__Exercise instructions__: Where the line containing "hiking trail in" appears below, begin there and reproduce each line exactly through the last one, omitting pictures.

__Collected material__:
────────────────────────────────────────
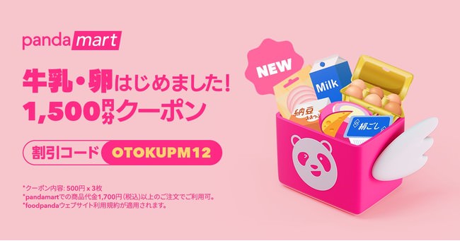 今回pandamart内の全商品のお買い物で使える「合計1,500円分**クーポン」をご用意しました。
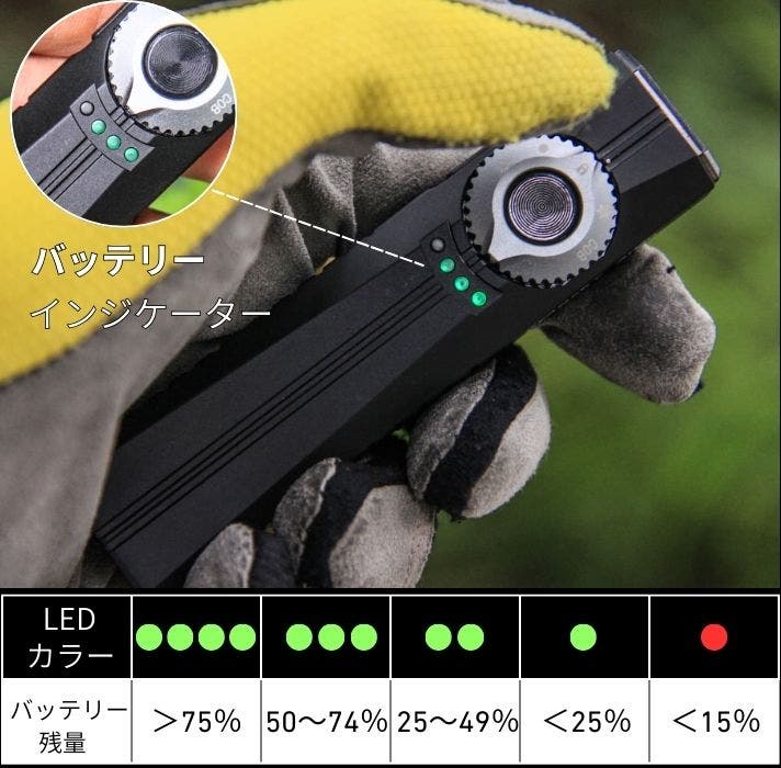 本体にはバッテリー残量を示す LEDインジケーター 付き。
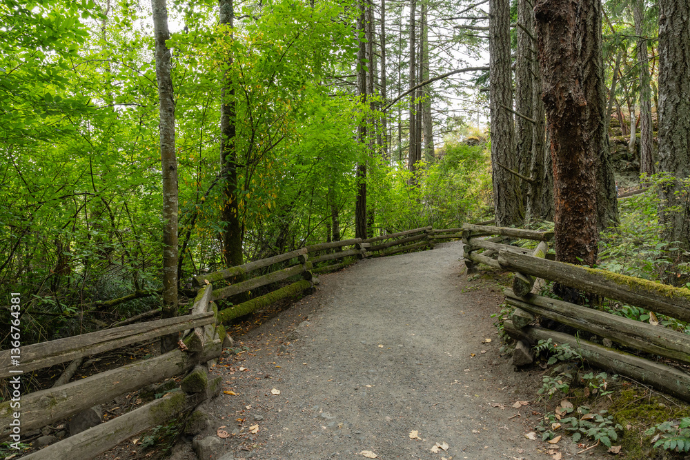 hiking trail in idyllic forest looking at mountain in summer at Thetis Lake Regional Park British Columbia Canada
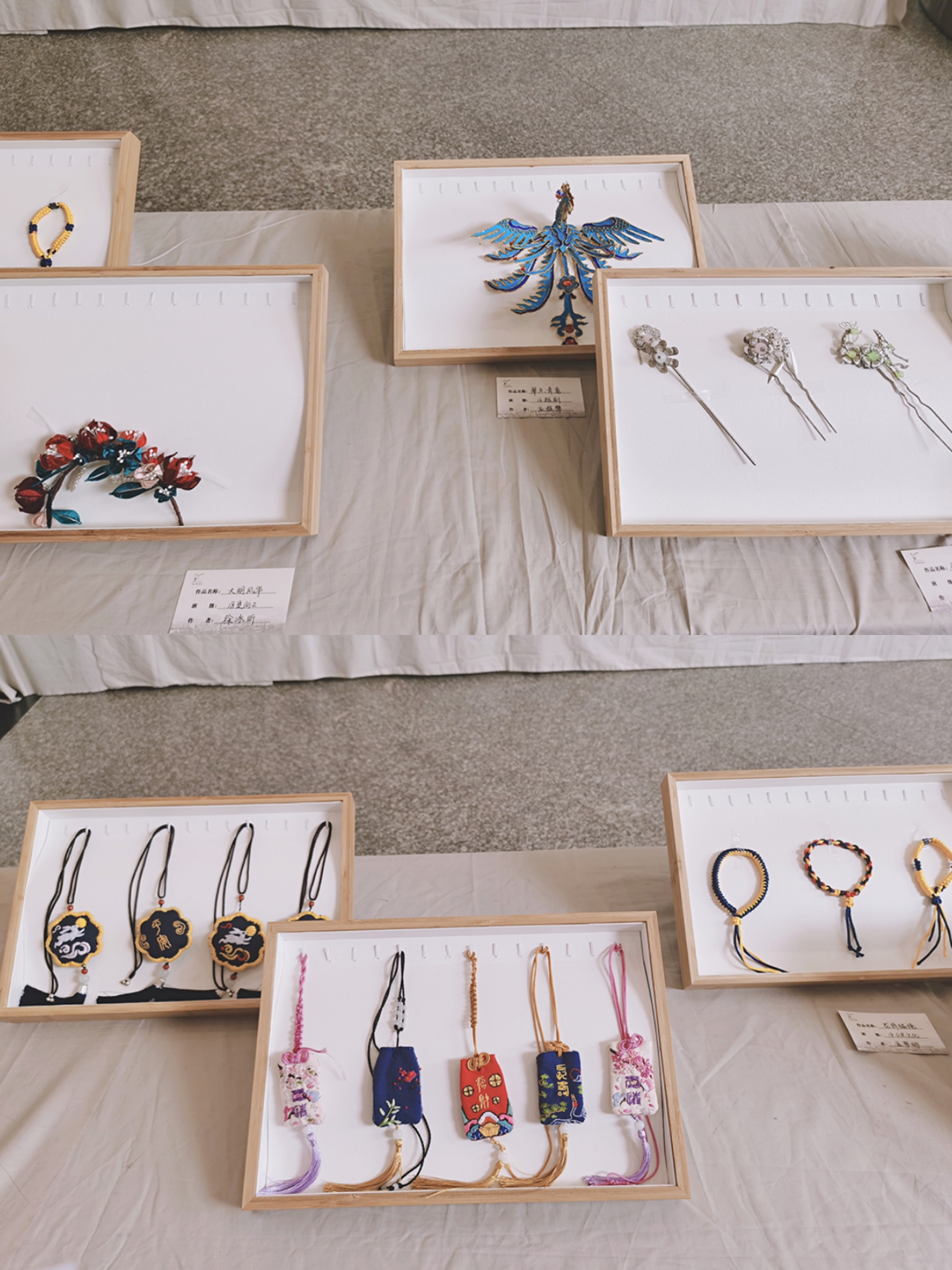 18定向2班徐冰昕的的缠花作品《大明风华》,为我们生动的再现了于电视剧《大明风华》中胡善祥佩戴的发簪。她表示随着汉服的复兴,也带动了许多非遗文化的新生,缠花作品也在通过不断的发展与创新,向大众展现出新的生命力。
────────────────────────────────────────
__Task output__:
 hiking trail in idyllic forest looking at mountain in summer at Thetis Lake Regional Park British Columbia Canada
 18定向2班徐冰昕的的缠花作品《大明风华》,为我们生动的再现了于电视剧《大明风华》中胡善祥佩戴的发簪。她表示随着汉服的复兴,也带动了许多非遗文化的新生,缠花作品也在通过不断的发展与创新,向大众展现出新的生命力。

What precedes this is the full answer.